Figure 8: “I’m still alive, but I’m barely holding on” says Karim (@karim96_gaza) People in the comment sections express solidarity and empathy. Source: Screenshot, Instagram-Post.

But as moving as these digital encounters are, a painful power asymmetry remains: The viewers can see but can do little. Testimony on social media, in this case, mainly means: not looking away. Donating, sharing, commenting is possible. Yet, the structural injustice and military violence remain outside of our ability to act. This gap creates a specific form of powerlessness: viewers witness immense suffering without being able to stop it. Opening Instagram, once a casual act, now comes with hesitation about what might appear. And still, forcing oneself to look feels like an act of solidarity. And even though it may seem little, it still has meaning for the people in Gaza. Emad (55k) thanks his followers: “Here in Gaza, despite the war, the pain, and the devastation, we have not lost hope. That hope is drawn from your solidarity, from your voices, your compassion, and your continued humanitarian support. (…) Thank you for not ignoring our suffering and for not leaving us alone in the storm.”

Acting digitally will never be enough. The images call on us to act beyond the screen: to march, speak up, engage others, sign petitions, refuse.

The past months have changed how I see the world. The images from Gaza form a mental and digital archive of destruction. I watched, liked, shared, commented. I spoke with those affected, I donated and showed solidarity. And yet, these forms of action remain paradoxical. There is a persistent contradiction in trying to express care through the tools of a social medium that itself reproduces inequalities. Acting digitally will never be enough. The images call on us to act beyond the screen: to march, speak up, engage others, sign petitions, refuse. While our actions may be small, we must still take them. Because we have seen and we know.


Featured image: Foto by Leon Seibert on Unsplash, 2019.

Bibliography

Ahmed, Sara. 2004. Affective Economies. Social Text 22(2), Duke University Press. 117–139.

Azoulay, Ariella Aïsha. 2008. The Civil Contract of Photography. New York: Zone Books.

Butler, Judith. 2010. Frames of War: When Is Life Grievable? London / New York: Verso.

Gillespie, Tarleton. 2018. Custodians of the Internet: Platforms, Content Moderation, and the Hidden Decisions that Shape Social Media. New Haven, CT: Yale University Press.

Hallin, Daniel C. 1986. The “Uncensored War”: The Media and Vietnam. Berkeley: University of California Press.

Perlmutter, David D. 1998. Photojournalism and Foreign Policy: Icons of Outrage in International Crises. Westport, CT: Greenwood Press.

Sontag, Susan. 2003. Regarding the Pain of Others. New York: Farrar, Straus and Giroux.

Ticktin, Miriam 2017. A World Without Innocence. American Ethnologist 44(4): 577–590.

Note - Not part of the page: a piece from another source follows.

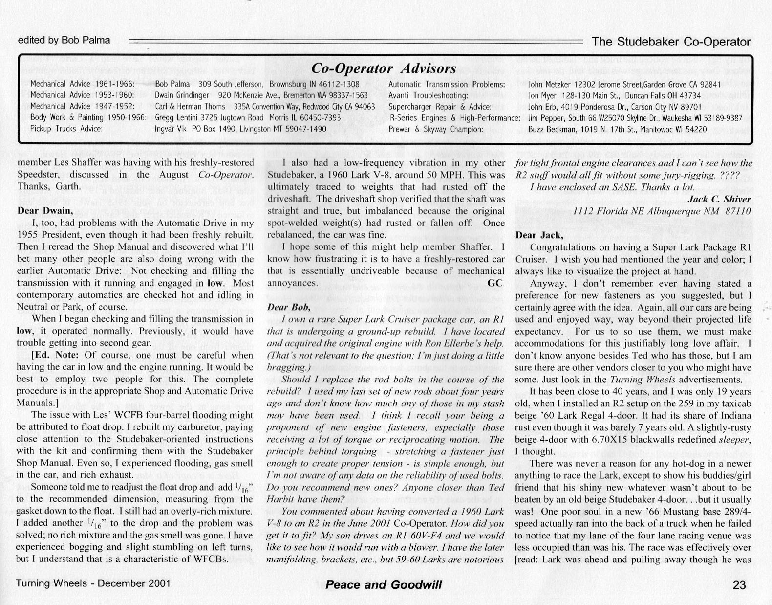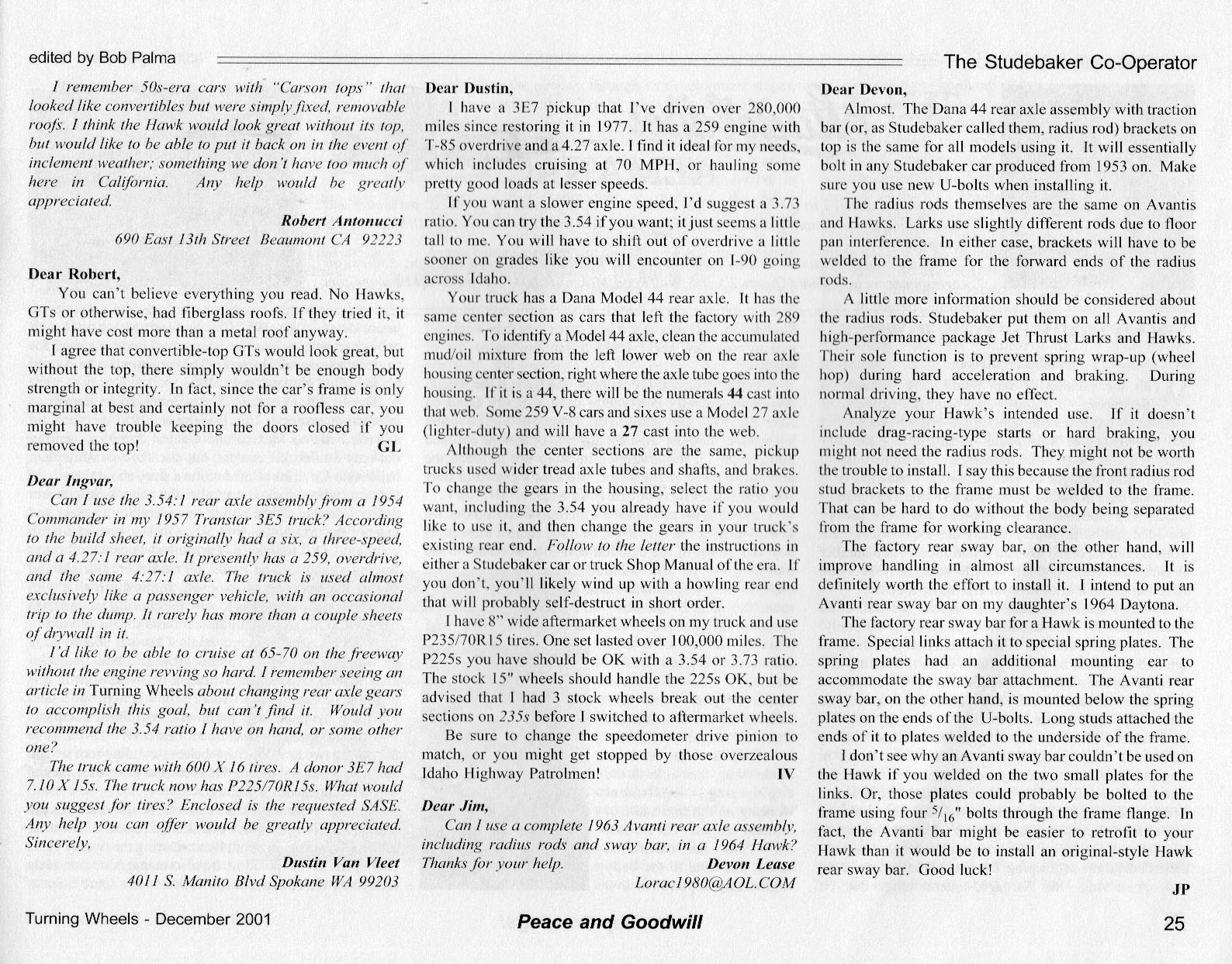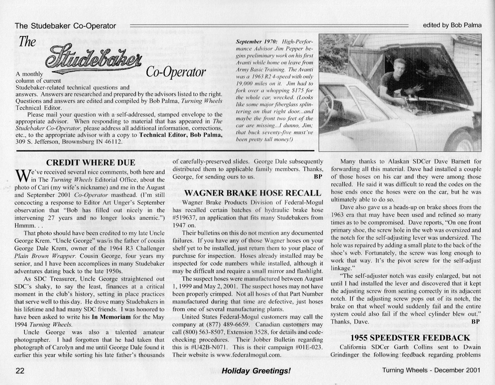 Bob's Studebaker Resource Website The Cooperator Turning Wheels, December 2001

The follower numbers of the instagram accounts mentioned were recorded before July 2025

Abstract: This article examines the social media use of Gazans since the Israeli military offensive following 7 October 2023. Based on a qualitative analysis of Instagram videos, it documents how social media is used both as a practice of documenting everyday life under extreme conditions of violence and as a fundraising tool within a digitally constrained and uneven communicative space shaped by platform censorship and unequal visibility. Particular attention is paid to the role of children within this privatized form of humanitarian communication. These practices arise because the civilian population is largely cut off from institutional humanitarian aid as a result of Israel’s blockade of Gaza, forcing Palestinians to seek support individually through platforms. As a consequence, humanitarian communication becomes privatized and competitive, requiring people to vie for visibility, attention, and donations. The article analyses recurring visual and communicative strategies, including explicit calls to watch, share, and donate, and examines the relationship between content producers and audiences outside Gaza.